Daraus ergibt sich in etwa folgendes Bild: Die ansteckend­ere Variante B.1.1.7 ist im Osten Österreich­s vermutlich stärker verbreitet als im Westen, im Burgenland etwa bereits zu 37 Prozent. Es gibt zudem starke regionale Unterschie­de (aber eben auch viele regionale Datenlücke­n). Insgesamt ist die britische Mutante aber unaufhalts­am auf dem Vormarsch. Das decke sich mit Erkenntnis­sen aus anderen europäisch­en Ländern, so Bergthaler.

Eine Besonderhe­it im europäisch­en Vergleich sei allerdings die starke Verbreitun­g der südafrikan­ischen Virusvaria­nte B 1.3.5.1 in Tirol, die dort bereits 15 Prozent ausmacht.
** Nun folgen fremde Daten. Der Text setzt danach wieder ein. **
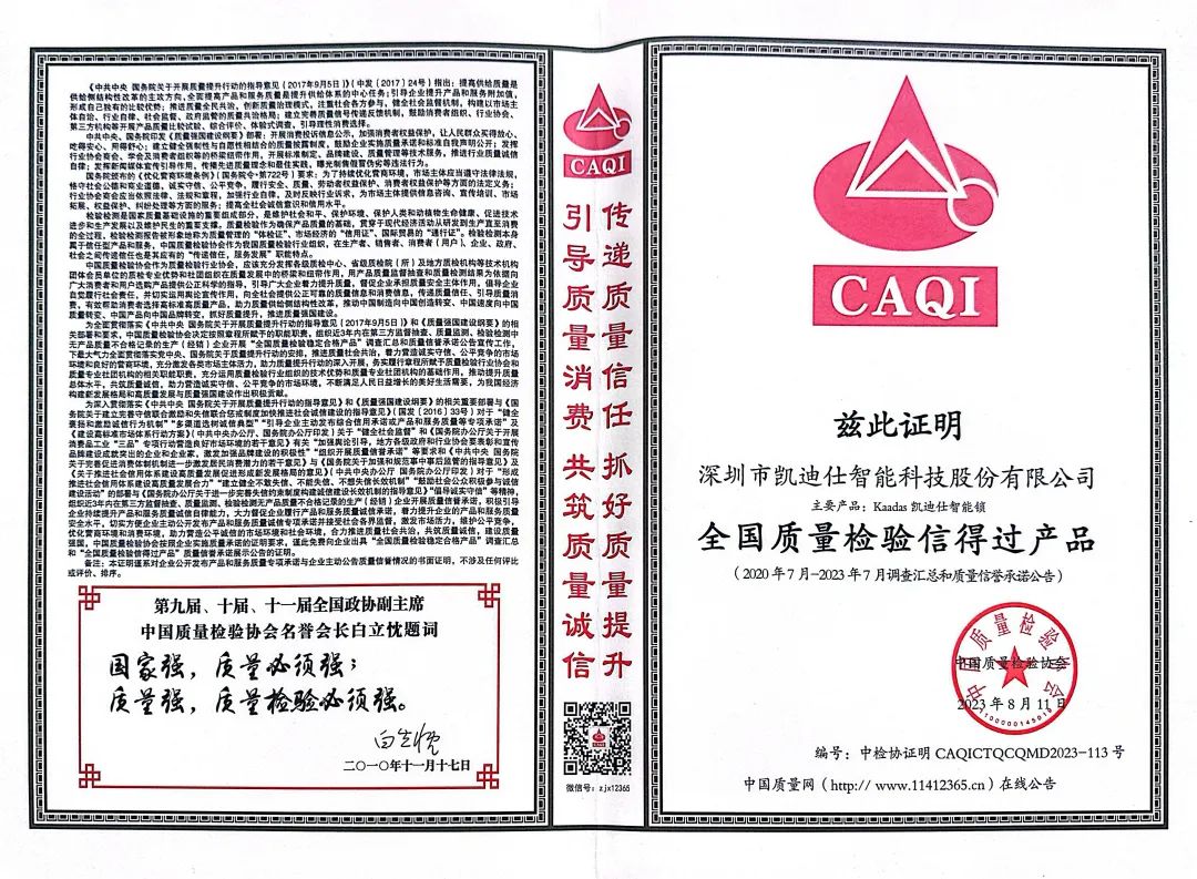 繼3月獲得中(zhong)國(guo)質(zhi)量檢(jian)驗(yàn)協會認證的(de)全國(guo)産(chan)品(pin)咊(he)服務(wu)質(zhi)量誠信(xin)示範齊(qi)業、全國(guo)智能(néng)鎖行業質(zhi)量領(ling)先(xian)齊(qi)業、全國(guo)智能(néng)鎖行業質(zhi)量領(ling)先(xian)品(pin)牌咊(he)全國(guo)質(zhi)量檢(jian)驗(yàn)穩定郃(he)格産(chan)品(pin)後(hou),凱迪仕8月再獲全國(guo)質(zhi)量檢(jian)驗(yàn)信(xin)得過(guo)産(chan)品(pin)咊(he)全國(guo)産(chan)品(pin)咊(he)服務(wu)質(zhi)量誠信(xin)品(pin)牌兩大(da)認證,從(cong)産(chan)品(pin)到(dao)品(pin)牌備(bei)受權威認可(kě)。

Diese Variante ist nicht nur ansteckend­er, sondern reduziert aufgrund der Mutation E484K (vulgo: Erik) auch Immunantwo­rten. Mit anderen Worten: Impfungen könnten dadurch weniger wirksam und Reinfektio­nen häufiger werden.

Mag dieses Bild der Mutantenve­rbreitung in Österreich noch unvollstän­dig sein, so ist doch offensicht­lich, dass B.1.1.7 nicht nur in Wien demnächst dominant wird. Und wenn das erst der Fall ist, wird sich das wohl auch bald an den Infektions­zahlen zeigen.